Tariff accounting rates are the charges paid by international telecom firms to each other for carrying traffic between countries.

So, Rs 11.50 is the cost you pay for the call from Washington to say, Mumbai, which is one of the gateways from which international calls enter India. Having come to Mumbai, the call will have to travel on an STD route to Delhi - that's another Rs 1.08 if you go by the costs Bharti submitted to the TRAI.

Add 40 paise for the cost of a local call, which you've got to pay to the firm that carries the call within Delhi. All told, you're talking of a cost of Rs 12.98 a minute.
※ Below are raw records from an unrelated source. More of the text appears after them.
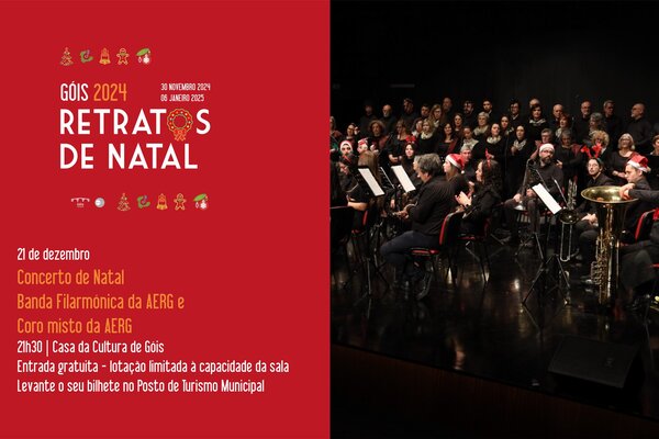 Concerto de Natal com Banda Filarmónica da AERG e Coro Misto da AERG 21h30 | Auditório da Casa da Cultura de Góis Entrada ... -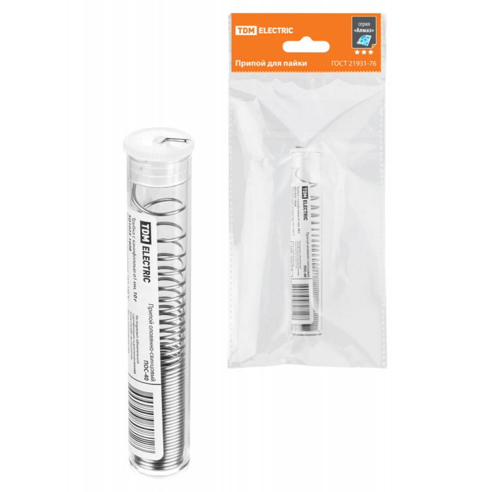 Описание Припой ПОС 40, трубка с канифолью, ГОСТ 21931-76, 1 мм, 10 г, колба, серия "Алмаз" SQ1025-1608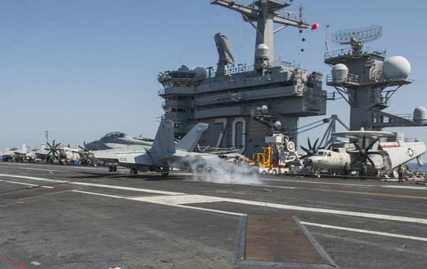 Máy bay F/A-18 Super Hornet đáp xuống tàu sân bay USS Carl Vinson (CVN 70) ngày 19.10 sau khi ném bom phiến quân IS ở Syria. Tàu sân bay Carl Vinson đến vùng Vịnh thay thế tàu sân bay USS George H.W. Bush trong chiến dịch tiêu diệt phiến quân IS - Ảnh: Hải quân Mỹ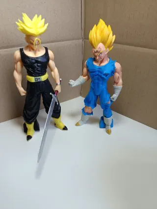 Lote de figuras de colección de Majin Vegeta y Trunks. Figura de Majin Vegeta con traje azul y Trunks con traje negro y espada. Tamaño 20cm de alto. Nuevo, se envía con bolsa de burbujas para su protección.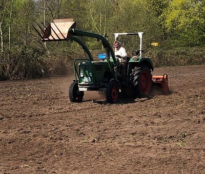 Weiter ging’s im April: Die Saatbeet der Bienen- und Insektenweide muss vorbereitet werden, d.h. sie muss gegrubbert werden. Dafür können wir einen Traktor und entsprechende Geräte nutzen, welche uns ein ehemaliger Landwirt für diese...
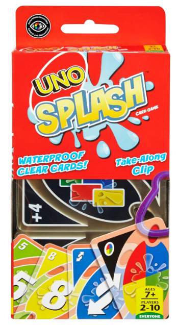 Mattel Games UNO Splash Card Game with Waterproof Cards and Portable Clip for Travel, Camping and Game Nights Away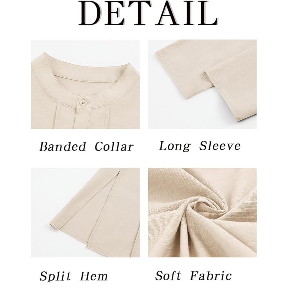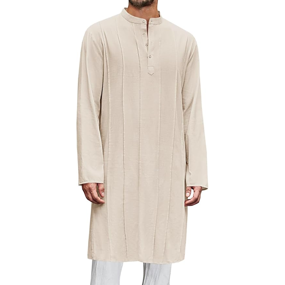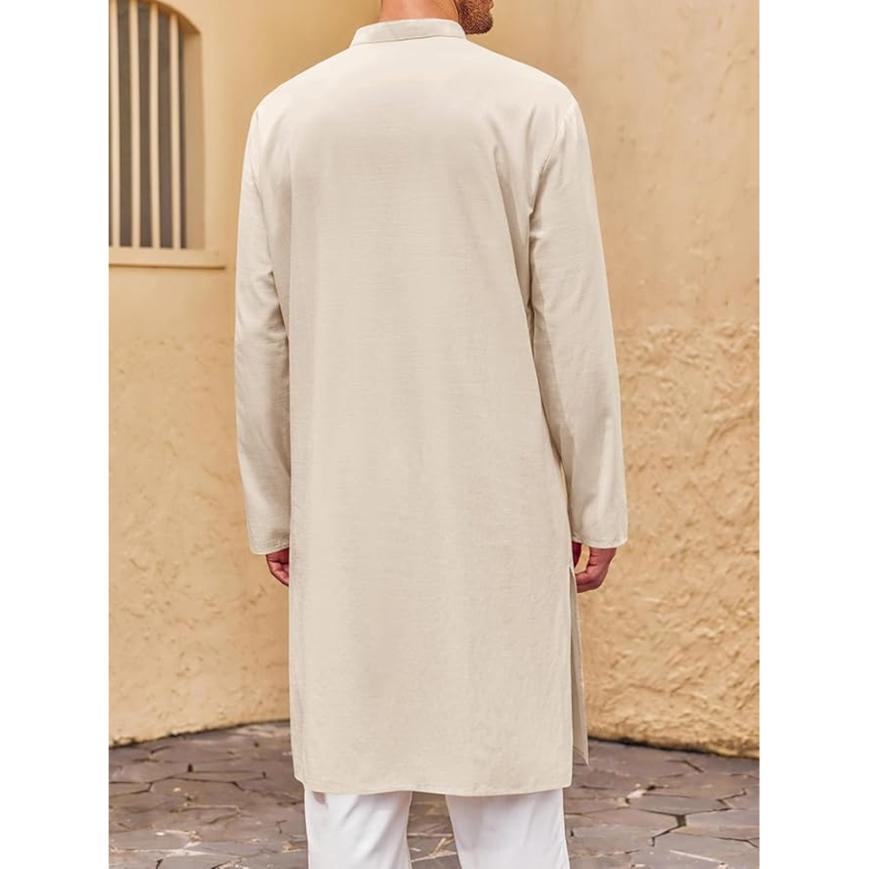 ชุดนอนผ้าคอตตอนสำหรับผู้ชาย, ชุดนอนสไตล์อินเดียแบบมุสลิมใส่สบายชุดกางเกงโยคะแขนยาวผ่าข้าง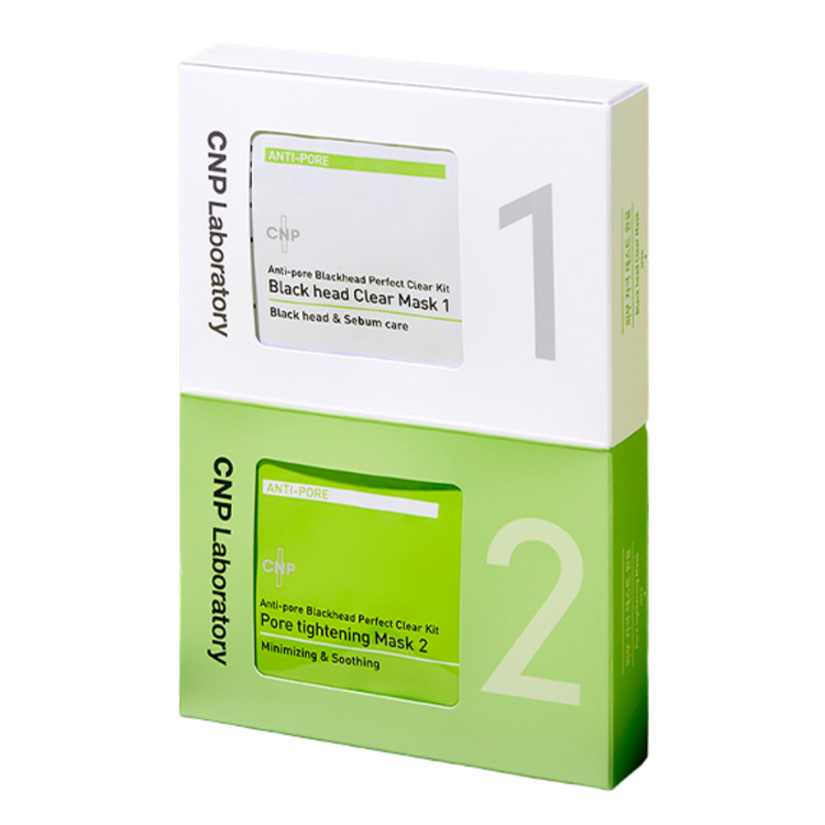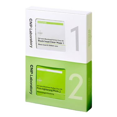 The CNP Laboratory Anti-Pore Blackhead Clear Kit is a 2-step pore care solution designed to effectively remove blackheads and minimize the look of pores. Step 1’s Blackhead Clear Mask gently dissolves and lifts away blackheads, excess sebum, and impurities without irritating the skin. Step 2’s Pore Tightening Mask soothes and refines pores, leaving skin smooth, clear, and refreshed. Dermatologist-tested and suitable for all skin types.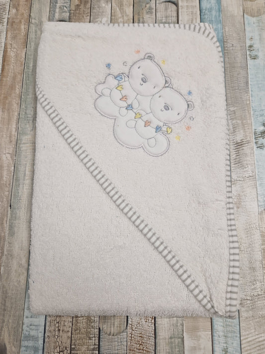 Unisex Baby White Knitted Shawl With Grey Satin Ribbon Bow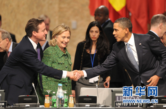 11月19日,在葡萄牙首都里斯本,美國總統(tǒng)奧巴馬(右)與英國首相卡梅倫(左)出席北約峰會首日會議時握手。新華社記者武巍攝。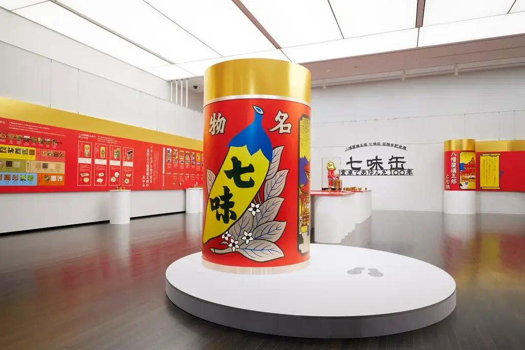 CEVEN LABの受賞に加えて、2024年4月に行われた「七味缶百周年記念展 ~食卓であゆんだ100年~」も日本サインデザイン賞の入選に選ばれています。本展は「七味缶の解剖」をテーマに、歴史、素材、デザインの観点から小さな缶に込められた要素を分かりやすく提示しました。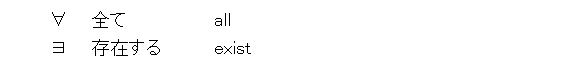 なお、論理記号を日本語で読むと、つい、日本語の読み方による意味にとらわれてしまい、変な解釈になってしまうため、英語で読んだ方がいいかも。英語なら意味が解らないから。あっ、それは俺だけか。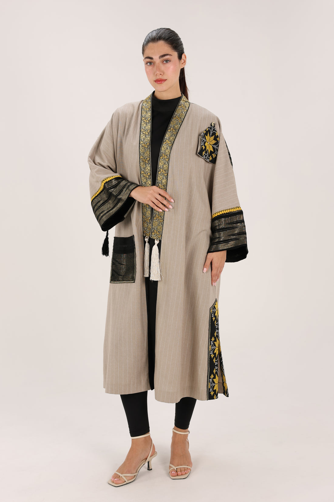 A handcrafted statement cardigan by May Khoury, blending contemporary silhouettes with traditional Arabian and Palestinian...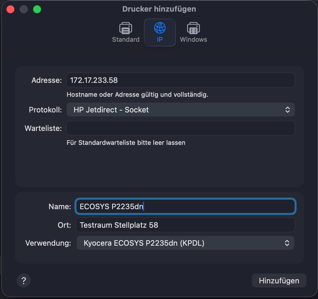 empfehlen wir, den Drucker nicht als “Bonjour Multifunction” hinzuzufügen, sondern als “Socket Printer”.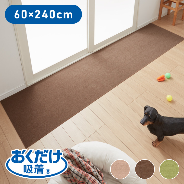 サンコー おくだけ吸着 日本製 床保護マット 60×240cm 厚さ4mm 撥水 はっ水 マット ロングマット カットできる 床暖房可 消臭 ペット用 犬 猫 いぬ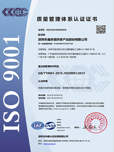 鑫承諾-ISO 質(zhì)量管理體系認(rèn)證證書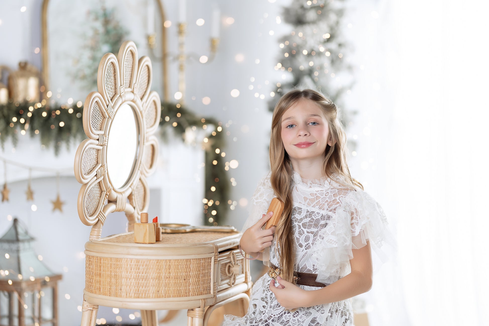 Introduce a touch of whimsy and elegance to your child's room with our Delightful Daisy Children's Vanity Set. This enchanting vanity set inspires imaginative play, and provides a special place for your little one to explore and express their personal style.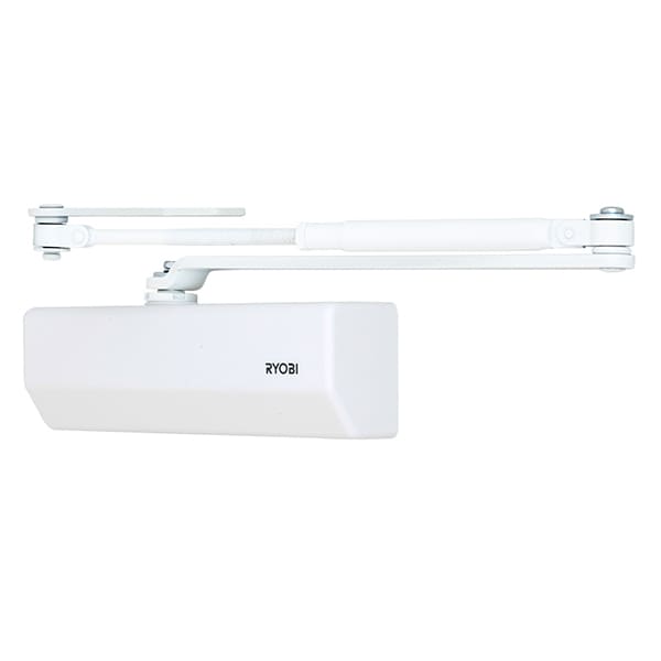 Продукція японського виробника RYOBI по праву визнана в усьому світі завдяки своїй відмінній якості. Дана модель RYOBI D-2055V BC UNIV встановлюється накладним монтажем на дверні полотна масою до 100 кг та шириною до 1250 мм. Є можливість встановлення за допомогою кронштейна паралельного положення тяги відносно дверей задля збереження дизайну приміщення чи використання дотягувача в умовах обмеженого простору. Тоді максимальна вага і ширина полотна повинні бути меншими. Гідравлічний привід забезпечує чітку роботу дотягувача з кутом відкривання до 180°. Безпосередньо на корпусі є можливість регулювати основну швидкість в межах 180°-10°, швидкість захлопування - 10°-0° та гальмо відчинення - 75°-180°. Дана функція захищає дверне полотно від удару об стіну та виривання тяги дотягувача. Завдяки цьому можна досягнути індивідуального налаштування зачинення дверей так як Вам потрібно. Особливістю дотягувачів RYOBI є спеціальне термоконстантне масло. Воно забезпечує стабільну роботу навіть при великому перепаді температур. Взагалі робоча температура варіюється в діапазоні від -20 до +45°С. RYOBI D-2055V BC UNIV може бути встановлений на ліво і правосторонні двері з можливістю відкривання як всередину так і назовні. В даній комплектації присутня стандартна тяга без фіксації дверного полотна у відкритому положенні. Проте даний дотягувач сертифікований для використання з протипожежними дверима. В білому кольорі найкраще буде доповнювати двері подібних світлих відтінків для того, щоб максимально уникнути контрастів та не привертати зайвої уваги.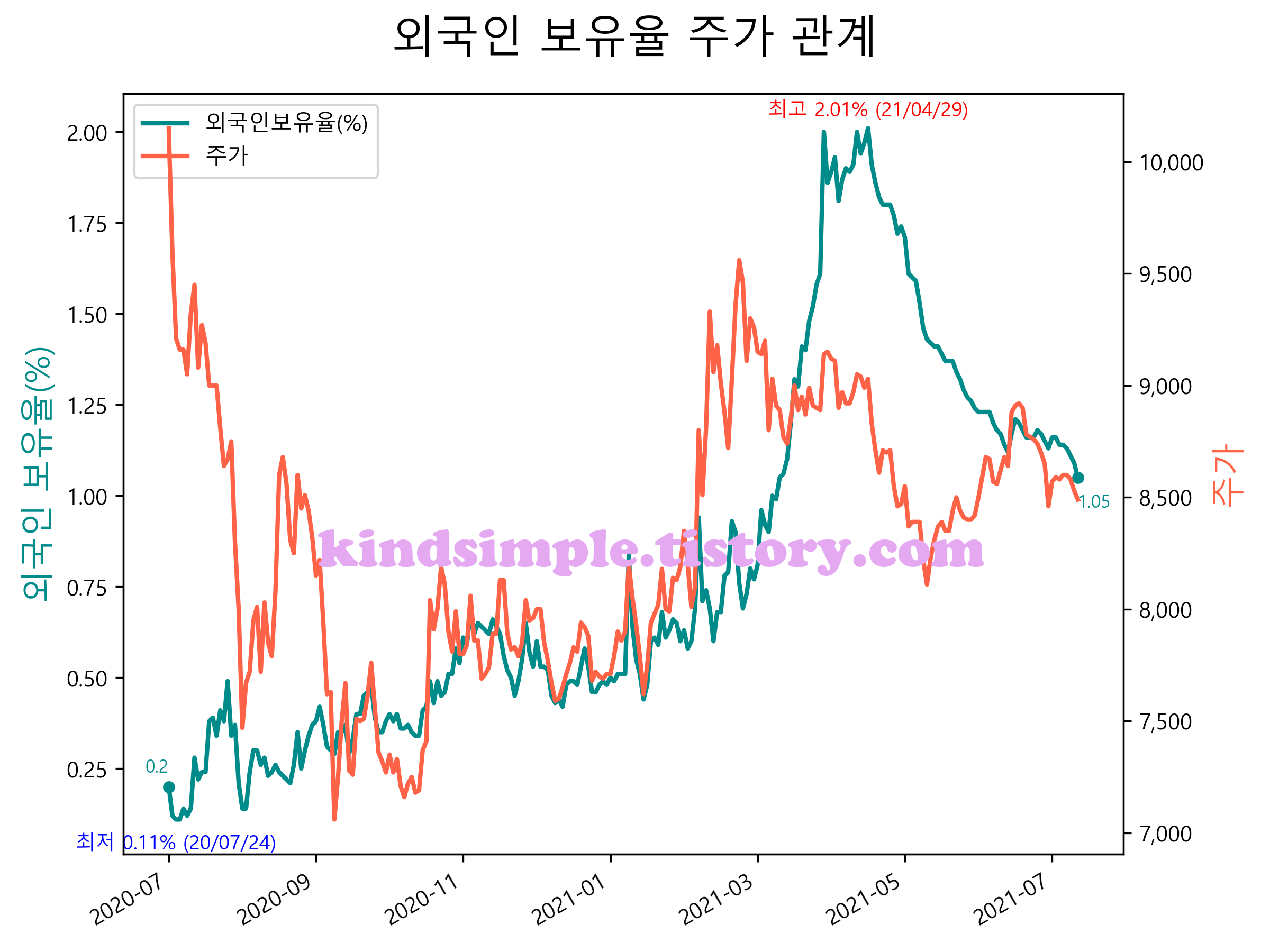 최근 1년간 외국인 보유율 및 주가와의 관계입니다.

The TRAI, you'll be happy to know, allows a whopping Rs 40.8 per minute for this route.

By the way, since India gets a lot more incoming calls from abroad than the outgoing ones, international carriers actually pay India for this, based on what is called a 'settlement rate' - in the year 1999-00, VSNL got an extra Rs 3,350 crore (Rs 33.50 billion) for this, in addition to what it charged you and I for the ISD calls we made.

Granted this income has come down dramatically with the 23 cent tariff accounting rate, but even this adds up to around Rs 800 crore (Rs 8 billion) of extra income to the country's ISD service providers. For reasons best known to itself, however, the TRAI has not taken this into account either.

When it comes to cellular tariffs, of course, the TRAI's batting on the side of the cellular operators is better known. In the initial round of licences issued in 1994, for instance, customers were to be charged a monthly rental of Rs 156 per month, Rs 1,200 as installation charges, and another Rs 3,000 as a security deposit.

Yet, since the licence was ambiguous on the point, cellular operators used to charge customers an additional Rs 1,000 for their SIM cards - the TRAI, however, refused to intercede on the matter.

In 1999, after the cellular industry pressed for relief, the TRAI increased the monthly rental to Rs 600 and even changed the billing or pulse-rate to suit the cellular firms.

Today, most cellular operators charge extra for services like itemised billing and call forwarding though these are usually included in the basic tariff in most countries - once again, the TRAI hasn't thought it important to fix ceilings on this.

What's equally shocking is the TRAI's silence on prepaid cards. That's right, while 60 per cent of all cellular customers today use prepaid cards, the TRAI has not even fixed tariff levels in this segment.

All that the TRAI has said, in the interest of the less-affluent customer, is that firms must issue prepaid cards of Rs 300 each. Yet, when you buy this card, you get airtime of under Rs 200, the rest goes towards some service charge. Whether this is exorbitant or not is not the point.

The point is that the TRAI has not even bothered to look at it. And this is the regulator that's supposed to be protecting our interests.